Tuesday, October 17, 2006

Loving It!

Of course, I've been very busy trying to get in the swing of things at work. The great news is, I am loving this more than I ever imagined possible. I don't want to gush, because I know I'm still in the honeymoon stage...but I can tell that there are a lot of things about this position that are very different than any other teaching job I've had. I've never been an elementary school teacher, and I never thought I would like that. This just proves how little I knew about myself.
I love fifth grade. The kids are great. I enjoy teaching all the subjects...including MATH! I almost feel like I'm "playing teacher" like I did when I was a kid. I believe I'm where I should be right now, and it is a great feeling. (Once again, thank you, God!)

Erhan is doing well on the road to recovery. He is still on a large dose of predinsone and is being monitored closely. He is still weak, but is improving steadily.

The kids are fine. School is going well for all three.

Time to get to bed so I can wake up bright and early.

Wednesday, October 11, 2006

Got the Job!

I just found out today, in the middle of my second day in a row of substitute teaching for the fifth grade class, that I GOT THE JOB!!!
I'm really excited about it, and I think I'm going to like it. It is so much better than the school I worked at in August. Yes, I do believe everything does happen for a reason.
I'm in a hurry to get to bed so I'm well rested for tomorrow, my first day as the official teacher.
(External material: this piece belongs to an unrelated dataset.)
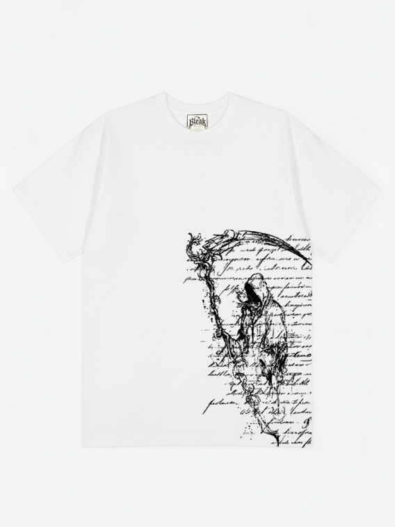 Cathedral to biała koszulka ozdobiona czarnym, misternym nadrukiem przedstawiającym gotycką, fantazyjną katedrę w stylu dark art.

More good news...my collaboration with Valerie Fox took first place at the ITWS contest! I'll get a $20.00 Amazon gift certificate, which is great...but the best part of all was the fun I had working with Valerie. I we get to do another one sometime soon.

I probably will be a bit overwhelmed with work, especially at first, but I will stop by all my favorite blogs as soon as I get a chance!

Tuesday, October 03, 2006

Ohwhatasillygooseiam!!!!

I am pretty embarrassed, and very relieved. My worries were for naught. Not hearing from the school didn't mean anything at all. They just haven't made up their mind about the teacher I might replace. I talked to the principal today and she told me she is going to wait until the week of the 20th (my birthday, no less) when that teacher is planning to be out of town. She is going to have me sub for her, and will make up her mind by then. If they do stick with that teacher for this year, they still want me for Spanish. So, I had no reason to be so depressed and full of self doubt.
Erhan is losing weight by heaps and bounds. Almost too much. I'm waiting to hear from his doctor to find out if it is too much. He is losing as much as ten pounds a day with the diuretics. I think that his body is getting a little dehydrated, so I've encouraged him to drink more. His face and upper body now looks skeletal, and his legs are still like tree trunks.

I took Alp to the dentist today. The last few appts., his mom has taken him. I have never been to this dentist. At first, she asked me if I was his Aunt. I explained that I am the stepmom and that he actually lives with us. Later in the appt., she explaimed, "He just trusts you so much! I've never seen him so behaved. You are so good with him!" I was flattered.

I'm really happy today. I'm back in the ballgame with the job at the school I want. Thank you, God!

Sunday, October 01, 2006

Dang

Nobody called me on Friday about the job. It was a long day with an anticlimactic ending. Every time the phone rang, I jumped with excitement. And it was never the school.

On Friday I drove all the way to Plantation to get fingerprinted for the school. I also finished all the application paperwork and turned it in to the Delray campus. Then, I left a note for the principal, asking her if there was any news and if she could please call me.

Then, nothing.

They told me I should be hearing from them on Friday, so I don' think this is a good sign at all.
Then, in the Sunday newspaper, and ad appeared for the Spanish teacher position.

My dad tried to console me, saying that it might just be their policy to advertise, but I don't know. Those ads cost a lot of money. If they already had the best, why complicate the matter?

The trouble is, that school is located pretty close to the last school I worked at, and I had a problem with them before I left. It was a bad situation because the principal that hired me left the school and the new guy was extremely incompetent. The atmosphere of the school changed completely. I tried to hang in there, but I became nervous and unhappy. I didn't really leave on a positive note, and this other school may have caught wind of that. Which is really a pity, if that is the truth. Because I am a very good teacher. And that school did not treat me well. I could have sued them, but I did not want to deal with that. I ended up making an agreement with them, and they paid me an extra year of my salary. I don't think they would have agreed to that if they didn't know they were doing something wrong. Right?

Anyway, I don't know one hundred percent if this opportunity is over, but I don't feel good about it now. They really had my hopes up. I was flying high for awhile there. It doesn't feel good to be lifted up just to be shot down.

I hate the thought of going back to the drawing board with the job hunt, too.

I do keep reminding myself that when a door closes, it is for a reason, and a better one will open, if I have faith.